診療所といえば皆さん、どのような場所を想像するでしょうか。陸の孤島にぽつんとある場所、できる検査はほとんど限られている場所・・自分も赴任前はそう考えていました。
郡上市和良町は、岐阜県のほぼ中央に位置する場所にあり観光地である郡上八幡と下呂市の中間に位置しています。岐阜市までは車で1時間半程の場所にありますが、途中つづら折り(くねくね道)の峠を越えなければならず難所の1つです。(今から冬季がとても心配です)
人口は1500人程度、そのうち高齢者人口は770人程(なんと高齢化率50%以上!)の“超”高齢化地域です。診療所としては血液検査、エコー検査はもちろん、レントゲン、CT検査、胃カメラだって行うことができます。ただし放射線技師さんが常駐でいらっしゃらないため、自分がしなければいけない時も多々あります。最近ようやく、体幹部CTを撮像できるようになってきました。(もちろん技師さんと比べるとかなり稚拙な画像ですが・・)。
そんな診療所での体験を少し、皆さんと共有できればと思います。
【症例】
90代男性(ご本人には掲載許可を頂いております。)
主訴:イノシシ牙による右下腿刺創
現病歴:自分で作ったイノシシ罠の様子を見に行ったらイノシシに遭遇、勝てると思っていたが突進され受傷した。
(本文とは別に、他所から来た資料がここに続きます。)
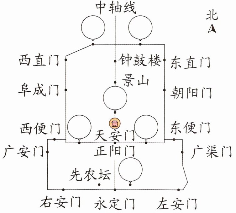 天安门的北面是故宫,天坛在先农坛的东面,正阳门的东面是崇文门。
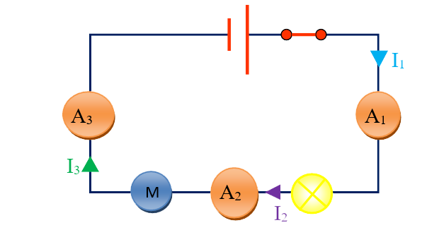 إن شدات التيار في الفروع الحاملة للمصباح L1 و المحرك الكهربائي لا تتغير في حين أن شدة التيار في الفرع الرئيسي تزيد
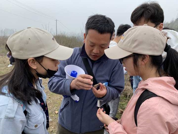 在为期一周的实习中,学生们观察了一块岩体,探寻了两个溶洞,了解了三个褶曲,遇到了五条断层,测量了七个地层,翻越了八座山峰。带队老师程先富、杨立辉、吴立耐心地向同学们讲解实习期间三十个地质观察点的相关地理知识。从巨嶂山、麒麟山、平顶山到紫微洞、王乔洞,再到巢湖湖滨,师生们携手同行,用一把地质锤,一个地质罗盘,一面放大镜,辨识岩层的层位、岩性,分析溶洞、巢湖的成因,寻找生物化石。
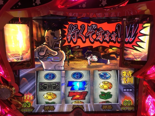 次の初当りに期待しつつ再び打ち始めたところ、最初の対決中に「根性!」と薫先生が叫んでくれたので、これは! とワクワクしながら見守っていると無事特訓へ。
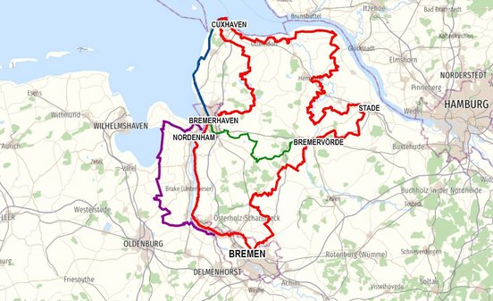 Bremerhaven – 17,5 km – Dedesdorf – 10 km – Sandstedt – 12,5 km – Rade – 10 km– Blumenthal – 13 km – Burglesum – 18,5 km – Bremen

とある平日の16時55分、その男性は独歩で外来に滑り込み受診されました。その男性はその日の2時間前に定期外来を受診され内服薬をもらい帰宅されていた方でしたので、スタッフ一同「どうしたのよ一体!?」と驚きを隠しきれませんでした。
傷をみて慌ててスタッフ総出で処置の準備へ、彼の右足は膝から足首にかけて4か所の刺傷痕、止血は得られていたもののいくつかは脂肪組織が露出し表皮真皮は欠損している状態でした。急いで患者さんを処置台に寝かせ、清潔シートをかぶせます。滅菌手袋を装着すれば、小さな診療所の一室も手術室に早変わりです。無影灯だってあります。(おそらく昔の名残でしょうか。)
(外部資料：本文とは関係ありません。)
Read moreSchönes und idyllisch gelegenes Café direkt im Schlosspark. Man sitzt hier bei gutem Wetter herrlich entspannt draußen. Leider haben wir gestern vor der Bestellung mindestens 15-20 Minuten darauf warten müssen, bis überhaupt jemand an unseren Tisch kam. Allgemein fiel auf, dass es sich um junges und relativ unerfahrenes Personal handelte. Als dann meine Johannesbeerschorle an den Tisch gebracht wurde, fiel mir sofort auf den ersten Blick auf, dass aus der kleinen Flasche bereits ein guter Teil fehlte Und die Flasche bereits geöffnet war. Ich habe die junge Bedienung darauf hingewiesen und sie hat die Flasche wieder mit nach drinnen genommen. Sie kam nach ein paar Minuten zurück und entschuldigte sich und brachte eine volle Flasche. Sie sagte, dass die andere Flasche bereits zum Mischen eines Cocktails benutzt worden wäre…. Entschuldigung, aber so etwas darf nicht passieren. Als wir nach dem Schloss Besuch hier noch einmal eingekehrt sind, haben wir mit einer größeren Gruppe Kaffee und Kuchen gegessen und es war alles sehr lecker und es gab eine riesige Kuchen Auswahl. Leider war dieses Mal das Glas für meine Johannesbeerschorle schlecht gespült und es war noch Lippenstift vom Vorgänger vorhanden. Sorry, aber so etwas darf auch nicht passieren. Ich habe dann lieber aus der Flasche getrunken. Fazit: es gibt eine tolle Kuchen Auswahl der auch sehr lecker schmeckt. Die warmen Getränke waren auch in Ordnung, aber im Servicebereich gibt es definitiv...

小1時間にわたる大手術、合計23針の縫合処置が終了しました。処置中も患者さんは笑顔で自分が縫合されている様子を凝視されていました。「自分の傷をみても、気持ち悪くならないですか。」と聞いても、「そんなことはない。」とにこやかに話されました。やはり90代の方のメンタルはすごいですね。
処置後は笑顔で歩かれて帰宅されました、現在は全て抜糸し、創部フォローのために定期的に診療所に足を運んでもらっています。
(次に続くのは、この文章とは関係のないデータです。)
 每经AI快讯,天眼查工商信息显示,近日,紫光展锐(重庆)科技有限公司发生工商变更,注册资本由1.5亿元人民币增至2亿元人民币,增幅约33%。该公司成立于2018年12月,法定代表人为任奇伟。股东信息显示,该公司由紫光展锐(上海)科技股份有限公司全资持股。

やっている処置自体は大した処置ではないものの、漫画のような嘘みたいなエピソードに触れ合えるのも地域ならではだと思います。また同時に、地域ならではのご高齢の方々の身体能力の高さ、並外れた精神力の強さにはただただ感心するばかりです。山に1人で出向き、イノシシと対峙する90代の方が都心部にいるでしょうか・・
このように自分が地域で経験したことや興味深い出来事を、発信できればと思います。最後まで閲覧頂きありがとうございました。